Robert Muir wrote:
> On Mon, Nov 23, 2015 at 2:42 PM, Sanjoy Das
> <[email protected]>  wrote:
>> Hi all,
>>
>> I work for a JVM vendor, and we're interested in obtaining / creating
>> a set of Lucene benchmarks for internal use.  We plan to use these for
>> performance regression testing and general performance analysis
>> (i.e. to make sure Lucene performs well on our JVM).  I'm especially
>> interested in benchmarks that demonstrate opportunities for
>> improvements in our JIT compiler.
>>
>> While I imagine that the lucene/benchmark/ directory is probably the
>> right place to start, I have a few high-level questions that are best
>> answered by people on this mailing list:
>
> Actually I think http://people.apache.org/~mikemccand/lucenebench/
> might be better for your purposes. Code is currently located here:
> https://github.com/mikemccand/luceneutil

I just replied to Mike about this -- ideally the benchmarks I'm
looking for should run relatively quickly (i.e. < 30 min).

However, if the lucenebench is the right thing to run, I'd rather have
a good benchmark that takes a while to finish over a misleading
benchmark that runs quickly. :)

>> - Are there realistic Lucene workloads that are bottle-necked on the
>>    JVM's performance (JIT, GC etc.) and *not* e.g. disk / network IO?
>>    If so, what are some examples?
>
> You can see some changes in query graphs when the JVM was upgraded at
> the above link. In some cases they are not positive. For example, why
> did indexing throughput drop significantly when upgrading from
> 1.8.0_25 to 1.8.0_40? (annotation BD in
> http://people.apache.org/~mikemccand/lucenebench/indexing.html)
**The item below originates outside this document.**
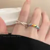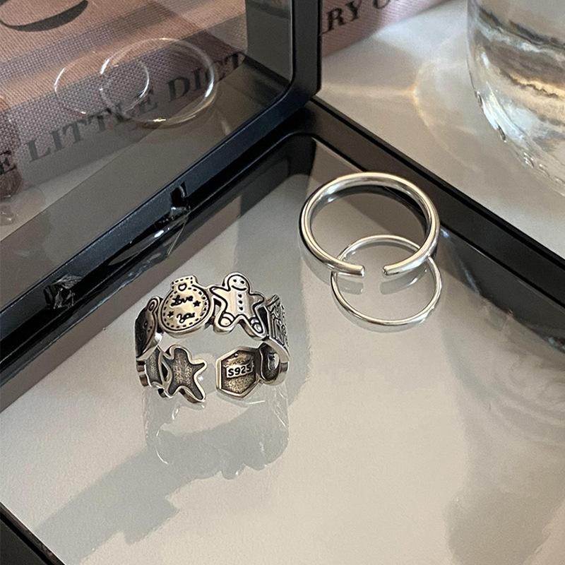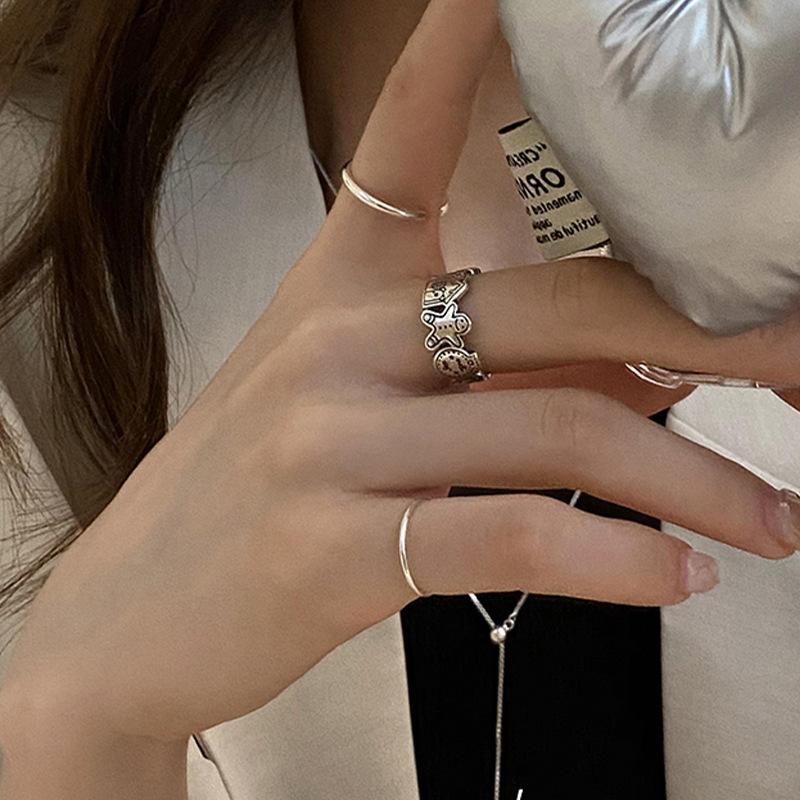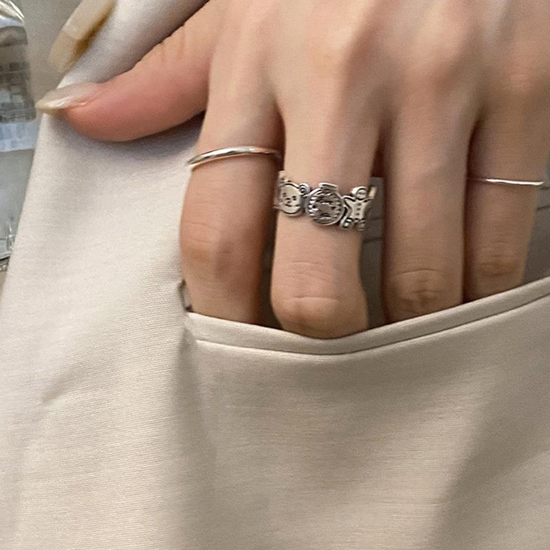 Anel Prata Personagem de Desenho Animado Coreano para Mulheres, Design de Nicho Estilo Ins, Anel de Aliança Liso Minimalista Moderno e Único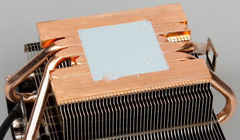 Термоинтерфейс у этого кулера на заводе нанесен тонким слоем на подошву.

I don't work on OpenJDK, so I cannot comment on OpenJDK's performance;
but that is an interesting data point nevertheless.  It certainly
shows that improving the JVM can help, and vice versa.

>> - How relevant are the Dacapo "luindex" and "lusearch" benchmarks
>>    today?  Will porting them to the latest version of Lucene give me a
>>    benchmark representative of modern Lucene usage, or has Lucene's
>>    performance characteristics evolved in fundamental ways since Dacapo
>>    was published?
>
> Some things have changed since lucene 2.4 such as much better
> concurrency when indexing with multiple threads, the use of bulk
> integer decompression methods vs vByte compression, and so on. Also
> support for new data structures like column-stride fields were added,
> and the use cases around those (e.g. faceted search) are probably not
> represented.

Thanks, that is very useful to know.